• _Description of the task_
One exact copy of the listing is needed. It should contain no pictures.

• _Dataset extract_

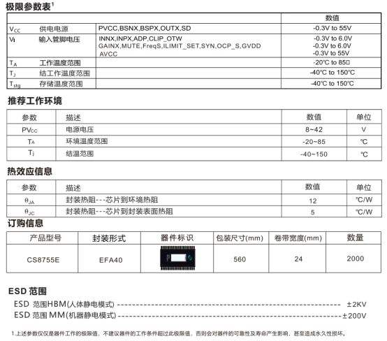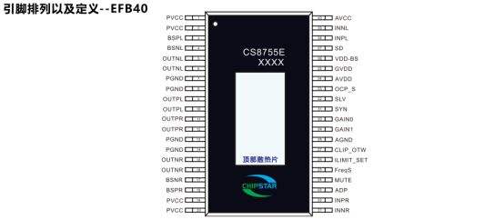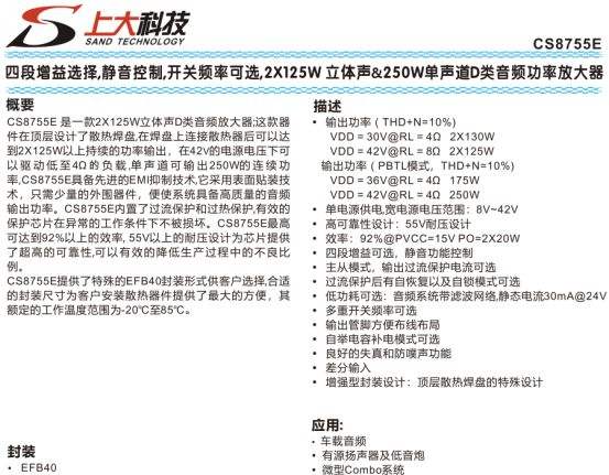 CS8755E 是一款高功率、多功能的 D 类音频功率放大器,支持 2×125W 立体声与 250W 单声道输出,主打四段增益选择、静音控制与多模式适配,采用带顶层散热焊盘的 EFB40 封装,额定工作温度 - 20℃至 85℃,适配车载音频、家庭音响等大功率音频场景,兼具高可靠性与灵活调控性能。
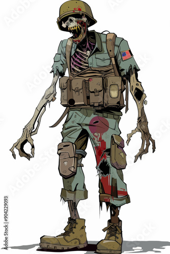 © TheosArtTavern, Fototapeta premium A zombie soldier with a backpack and a US flag on his chest
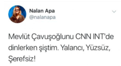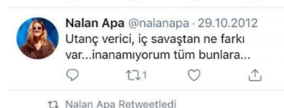 2013 yılında Dışişleri Bakanı Mevlüt Çavuşoğlu'na yönelik hakaret dolu bir tweet attığı tespit edilen Nalan Apa'nın, Gezi olaylarıyla ilgili attığı tweetlerde sosyal medyaya yansıdı.
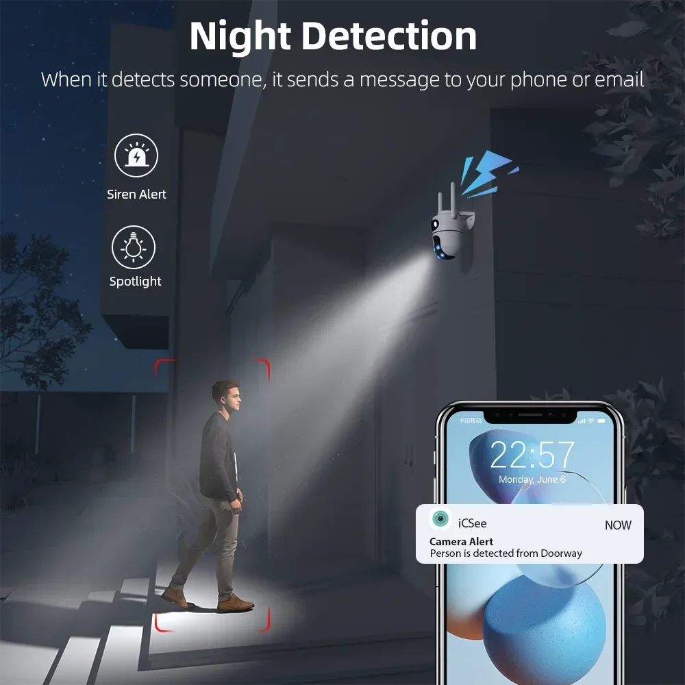⑤ supports full-color mode, infrared mode and double-light alert mode

• _Answer box_
 CS8755E 是一款高功率、多功能的 D 类音频功率放大器,支持 2×125W 立体声与 250W 单声道输出,主打四段增益选择、静音控制与多模式适配,采用带顶层散热焊盘的 EFB40 封装,额定工作温度 - 20℃至 85℃,适配车载音频、家庭音响等大功率音频场景,兼具高可靠性与灵活调控性能。
 © TheosArtTavern, Fototapeta premium A zombie soldier with a backpack and a US flag on his chest
 2013 yılında Dışişleri Bakanı Mevlüt Çavuşoğlu'na yönelik hakaret dolu bir tweet attığı tespit edilen Nalan Apa'nın, Gezi olaylarıyla ilgili attığı tweetlerde sosyal medyaya yansıdı.
⑤ supports full-color mode, infrared mode and double-light alert mode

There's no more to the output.